A charity formed by leading figures in Bristol’s arts community has launched a bid to buy a former police station and transform it into an artists’ and community hub.

Bricks has been formed in response to the critical need for spaces for artists and community activities for the benefit of the local area. 

The initiative brings together artists, social enterprises and community members to reimagine what Trinity Road Police Station in Old Market could become, pictured in a CGI created by architects NOMA.

It also sets out a new, sustainable financial model to support artists and the wider community in one of the most deprived areas of the city.

The charity is calling on people and organisations to pledge their support and share ideas via its new website.

Avon and Somerset Police previously announced Trinity Road Police Station would be put up for sale this year, with the police continuing to have a presence on the site.

Ideas for the building developed through consultation with artists, community members and community organisations include a community nursery, cafe, garden area, community meeting and workshop spaces, a bike workshop, exhibition and event spaces, affordable artist studios and accommodation for artists, as well as an outdoor market and office space for creatives and social enterprises. 

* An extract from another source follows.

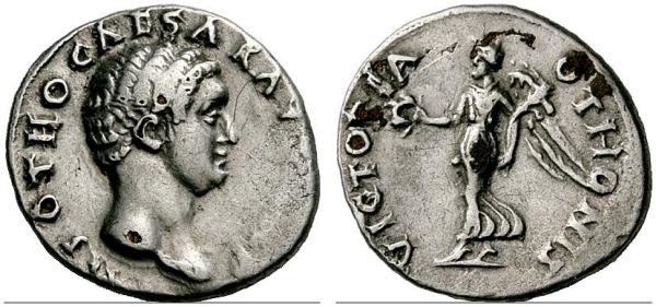 | RIC 16v | Otho, AR Denarius, Rome, Jan.-April 69 AD. IMP OTHO CAESAR AVG TR P, bare head right / VICTORIA OTHONIS, Victory walking left, holding wreath and palm branch. RIC I, 16 var. (Obv legend with this reverse); BMCRE 24 var.; Probably an ancient forgery. | Text | Image |

Bricks’ bid to buy the site was submitted to the Avon and Somerset Police and Crime Commissioner last week. It sets out a clear plan for the future of the site, the social value it would create and the partnerships it would deliver.

Bricks chair Kim Wide – who is also the CEO of Take a Part, leaders in socially-engaged arts practice – said: “This is an exciting opportunity for the artists and community to work from the very start together to create something that is meaningful and sustainable for everyone involved.

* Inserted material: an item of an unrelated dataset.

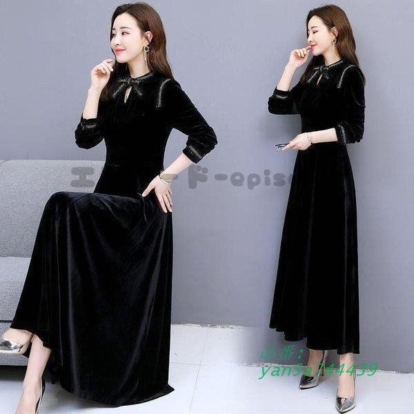 ワンピースレディース40代ロング丈長袖AラインVネックベロアリボン付き 結婚式ドレス二次会パーティドレス通勤お yan 5 a 744439

“It supports talent development, community cohesion, and placemaking in the local area, and an interdependent network of artists. So the centre will be an incredible shared asset. We need your support and to hear from you, as artists and residents, as we go on this journey to ensure that the space that is created is really for everyone.”

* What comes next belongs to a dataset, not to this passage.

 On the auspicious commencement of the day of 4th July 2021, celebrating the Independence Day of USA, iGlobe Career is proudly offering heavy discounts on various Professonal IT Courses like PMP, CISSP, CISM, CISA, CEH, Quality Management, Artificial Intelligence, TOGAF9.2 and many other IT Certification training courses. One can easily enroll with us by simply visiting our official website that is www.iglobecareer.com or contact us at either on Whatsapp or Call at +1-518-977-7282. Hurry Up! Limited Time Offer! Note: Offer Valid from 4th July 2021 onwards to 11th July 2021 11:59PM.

In 2017, Jack Gibbon from Antlers Gallery – now Bricks director – made the first step towards creating Bricks by securing a grant to research and develop a new non-profit, sustainable model to deliver spaces for artists.

At the start, it was about looking at how locally based artistic talent could be supported through providing project space, artist development programmes and studios – but Jack soon realised that by coming together with other social enterprises Bricks could generate social value for wider communities. 

He said: “When Trinity Road Police Station became available for purchase, it made obvious sense as the focus for a new type of arts and community space. The location could potentially join the dots in the visual arts ecology of Bristol, as well as supporting and connecting the local communities of Old Market, Newtown and St Judes.

“By coming together with other artists, social enterprises and community members, we are greater than the sum of our parts and can deliver a resilient, sustainable model for the future. As such, rent paid would go towards paying off the charity’s mortgage, rather than to an external organisation that has shareholders to serve. This model aims to keep the building for Bristol forever.”

Bricks is calling on the Bristol community to support its vision by visiting its website, joining the list of supporters and contributing ideas for the site on the Feedback page. Partnership discussions are already at an advanced stage with a number of organisations including Rising Arts Agency, Raised in Bristol, Bristol Bike Project, Up Our Street, Trinity Centre, and Rise Youth Dance.

Clare Reddington, CEO of Bristol’s pioneering Watershed media centre, has pledged her support for Bricks’ bid, saying: “We see Bricks as an important part of Bristol’s future arts ecology and look forward to collaborating with them in this exciting new space.”